[Friday, December 24, 2004]
Pheeew....finally the exam is over. It was my last exam i hope, if everything smooth i will not have any more exam to do, "only" thesis left. Hehehe even just to said the word now bring butterfly to my stomach. Maybe it's about time to be stress out about thesis, just like all my friends had a few months ago. Since i was a late comer then i am also a late starter for the thesis.
But in a while, i have a lot of plan to do to fill in my short holiday period. I'll go to Eindhoven today to have christmast dinner at FranKy's. Not to mention to celebrate chrismast anyway since neither of us celebrate it, but it's more like to gather together and have some fun. Because they really don't have a heart to imagine that will spend the christmast time alone, as if it would matter to me. Then tomorrow the dinner will continue with PPI'ers at Mbak Nike's place. The next day dinner would be at my place with some friends who will be sleepover my place for the winter tour. On monday the winter tour to Paris will begin, and on Wednesday after Paris i'll continue to Berlin and spend my new year eve there. I am so excited about all this plan. Life seems so great and fun when you're having a holiday ;)
And speaking about Berlin, i made contact with my long lost friend since high school to meet there. It was so funny, because either of us haven't met since we both graduated years ago. Then suddenly i found him in friendster and look at his location, which is in Germany. He is actually studying at Hannover, the city about 3 hours from Berlin. But another nice coincidence happen because he is going to spend new year eve in Berlin as well. Nice surprise indeed. It will be so refreshing to meet someone from your past, someone who know well how crazy you were, and someone who definitely remind you of those glorious old times when life had been so simple.
* Posted by
3k4 @ 4:19 PM *
*****
[Sunday, December 19, 2004]
I believe there is a rainbow at the end of every storm. But what if life is such a never-ending storm? Is it worth to keep waiting for the rainbow? Or is it better to just keep living and trying to survive on daily basis? Carpe diem...seize the day....whatever the future lies ahead.
* Posted by
3k4 @ 5:42 PM *
*****
[Friday, December 17, 2004]
I just return from my short getaway. Rome indeed was a perfect place to go. Many beautiful places and things to see, really able to distract me for a while. The beautiful Fontana de Trevi, Piazza Venezia, Pantheon, and the magnicifent citta del Vatican with its basilica San Pietro could refresh my soul for a while. Moreover, i read Da Vinci code while i was there. So i was kind a get strange feeling, reading some book that telling me about church conspiracy in the centre of the church itself. Really eery sensation if i might called.

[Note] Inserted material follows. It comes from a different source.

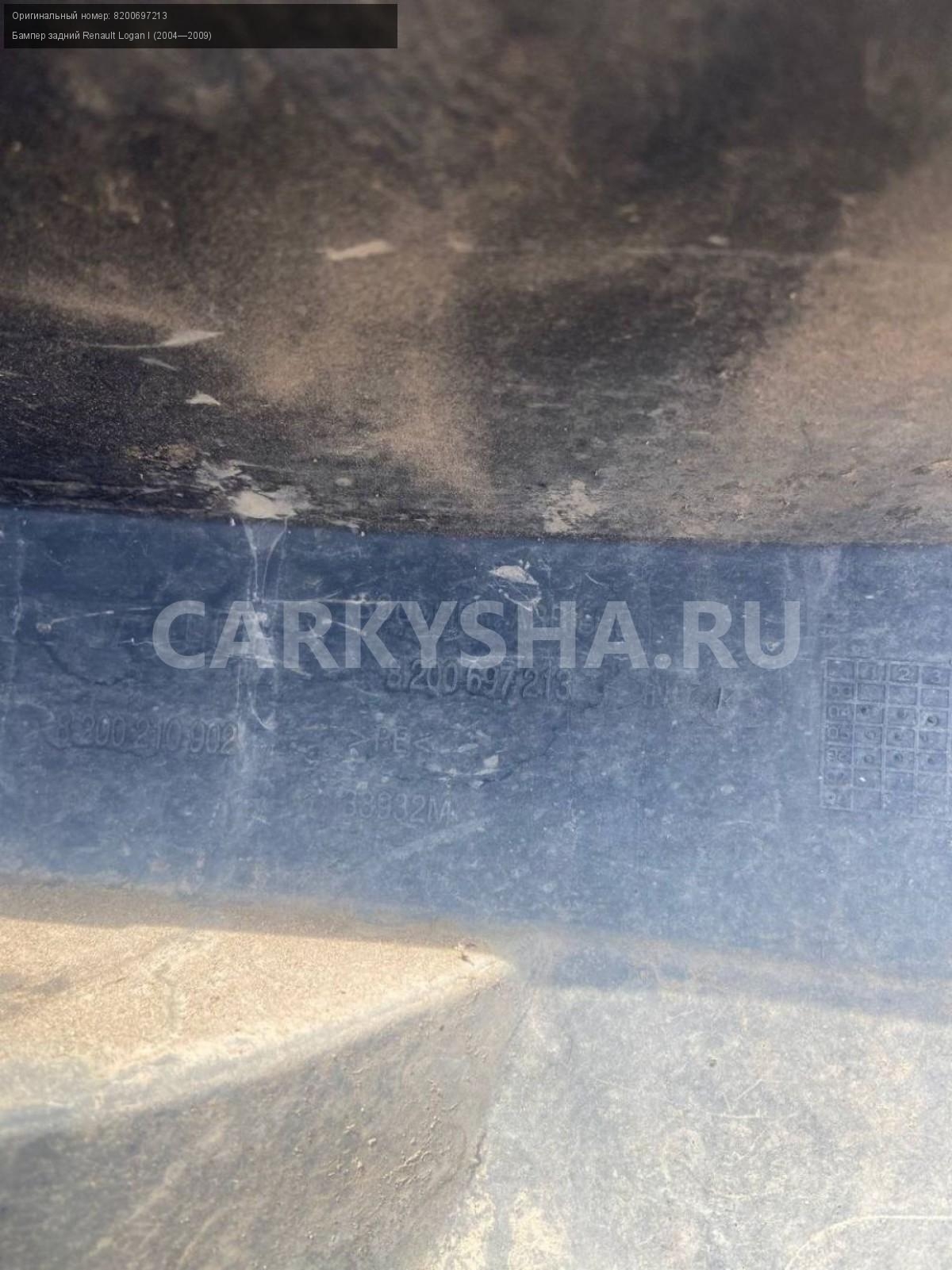 Renault Logan I фаза1, бампер задний.\nАртикул: 8218\n\nОриг. номер: 8200697213\nПроизводитель: RENAULT\nПримечание:Рено Логан 1 фаза 1, бампер задний, б/у. \n\nМарка: Renault\nМодель: Logan I (2004—2009)\nКузов тип: Седан\nДвигатель номер: k7m710\nОбъем: 1.6\nТопливо: Бензин\nКоробка: Механика\nПеред/Зад: Зад\nСовместимости: Renault Logan I (2004—2009) 1.6 MT (87 л.с.)\nСовместимость: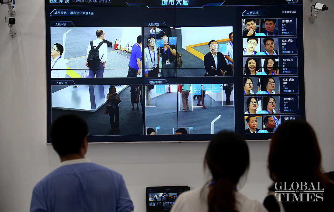 Visitors look at a facial recognition system used for urban security. Photo: Yang Hui/GT figcaption >

Now get back to reality, real life, prepare myself for the exam next week. My soul are refreshed but my body are tired now. Geez....i hope i could pass this last exam nicely *finger crossed*
* Posted by
3k4 @ 4:14 AM *
*****
[Friday, December 10, 2004]
My life seems so confusing recently. I feel happy but sad at the same time. I am excited yet guilt persist. I need to move on but i cannot stop to look back...
* Posted by
3k4 @ 5:11 AM *
*****
[Monday, December 06, 2004]
I am trying to live my life with no regret, but unfortunately regret is always remains in the end. If only I can turn back the time....
* Posted by
3k4 @ 5:50 PM *
*****
There is time in our life when we feel so mentally exhausted. Seems like very little thing we do causing fatigue though we're not physically tired. We eat, we sleep, we talk, and we work, just like a robot. Everything was done because of needs. No motivation at all, since we do not know what do to, where to go, which way to choose, and completely lost.
People say if such things happen, all we have to do basically is just to look into ourselves. Bring back our mind to figure out what we truly longing for and what we've ever dreamt on. A little conscious might help to bring back our lives to the right path. However, looking for something inside probably is the hardest thing to do. It is so much easier to stand as an outsider, looking ourselves from somebody else's perspective, just like looking at the reflection in the mirror. When we lost, we expect to ask somebody and there always somebody who could tell us about which way to go. But is it the right thing to do? Can anybody tell us our own conscious correctly? Can anybody else help to find what exactly we want and put us into the right direction? Right answers never seem come up easily...and those things seem easier to say than done.